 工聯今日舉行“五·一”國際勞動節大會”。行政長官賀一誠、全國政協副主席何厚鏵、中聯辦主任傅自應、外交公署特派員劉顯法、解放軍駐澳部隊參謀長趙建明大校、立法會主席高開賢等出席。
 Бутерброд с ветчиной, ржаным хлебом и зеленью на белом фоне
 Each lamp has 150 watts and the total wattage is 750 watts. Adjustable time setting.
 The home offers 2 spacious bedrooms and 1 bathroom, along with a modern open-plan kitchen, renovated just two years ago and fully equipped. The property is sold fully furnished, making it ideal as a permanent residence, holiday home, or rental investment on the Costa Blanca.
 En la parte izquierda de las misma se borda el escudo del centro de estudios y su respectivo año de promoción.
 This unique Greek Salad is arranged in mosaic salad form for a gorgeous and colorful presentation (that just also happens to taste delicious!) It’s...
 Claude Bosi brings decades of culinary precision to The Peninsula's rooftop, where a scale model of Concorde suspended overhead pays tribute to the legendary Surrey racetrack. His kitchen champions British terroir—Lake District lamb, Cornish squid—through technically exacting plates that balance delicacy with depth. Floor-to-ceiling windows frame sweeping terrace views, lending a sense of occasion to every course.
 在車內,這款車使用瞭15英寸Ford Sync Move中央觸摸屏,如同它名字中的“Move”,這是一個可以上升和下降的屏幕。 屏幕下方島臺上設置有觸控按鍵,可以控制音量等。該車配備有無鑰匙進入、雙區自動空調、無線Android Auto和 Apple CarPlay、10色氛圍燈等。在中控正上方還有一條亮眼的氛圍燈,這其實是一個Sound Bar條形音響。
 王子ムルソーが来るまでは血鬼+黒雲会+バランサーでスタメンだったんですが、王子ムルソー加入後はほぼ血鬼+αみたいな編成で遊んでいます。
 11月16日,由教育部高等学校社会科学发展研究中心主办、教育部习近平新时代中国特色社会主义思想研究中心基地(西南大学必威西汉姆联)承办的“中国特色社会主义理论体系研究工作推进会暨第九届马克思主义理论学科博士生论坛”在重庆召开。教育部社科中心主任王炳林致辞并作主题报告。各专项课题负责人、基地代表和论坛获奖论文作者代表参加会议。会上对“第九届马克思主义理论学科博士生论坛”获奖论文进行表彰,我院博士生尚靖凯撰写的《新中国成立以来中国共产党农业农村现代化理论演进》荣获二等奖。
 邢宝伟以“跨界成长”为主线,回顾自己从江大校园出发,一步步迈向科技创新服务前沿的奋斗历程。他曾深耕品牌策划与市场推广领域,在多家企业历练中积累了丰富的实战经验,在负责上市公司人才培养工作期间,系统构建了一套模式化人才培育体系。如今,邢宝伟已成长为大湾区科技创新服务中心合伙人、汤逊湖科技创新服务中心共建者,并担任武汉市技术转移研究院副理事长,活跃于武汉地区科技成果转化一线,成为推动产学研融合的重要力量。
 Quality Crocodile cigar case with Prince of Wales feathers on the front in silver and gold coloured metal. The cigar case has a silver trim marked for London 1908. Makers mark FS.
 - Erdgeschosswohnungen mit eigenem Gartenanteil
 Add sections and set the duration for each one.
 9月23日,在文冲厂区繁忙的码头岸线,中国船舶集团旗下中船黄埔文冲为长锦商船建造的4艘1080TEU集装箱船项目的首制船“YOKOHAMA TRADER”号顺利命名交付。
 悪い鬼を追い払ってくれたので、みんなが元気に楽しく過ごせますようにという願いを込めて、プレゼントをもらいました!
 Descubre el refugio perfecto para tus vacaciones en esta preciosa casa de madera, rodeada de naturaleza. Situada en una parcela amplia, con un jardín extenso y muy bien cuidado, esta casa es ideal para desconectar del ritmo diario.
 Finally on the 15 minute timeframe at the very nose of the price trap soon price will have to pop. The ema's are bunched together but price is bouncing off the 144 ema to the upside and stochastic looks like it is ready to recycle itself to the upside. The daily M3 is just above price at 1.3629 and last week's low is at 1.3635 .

[TASK DESCRIPTION] Repeat exactly the lines that run from the opening of the listing through the line holding "Each lamp has". Leave out everything else.

[ANSWER SECTION]
 工聯今日舉行“五·一”國際勞動節大會”。行政長官賀一誠、全國政協副主席何厚鏵、中聯辦主任傅自應、外交公署特派員劉顯法、解放軍駐澳部隊參謀長趙建明大校、立法會主席高開賢等出席。
 Бутерброд с ветчиной, ржаным хлебом и зеленью на белом фоне
 Each lamp has 150 watts and the total wattage is 750 watts. Adjustable time setting.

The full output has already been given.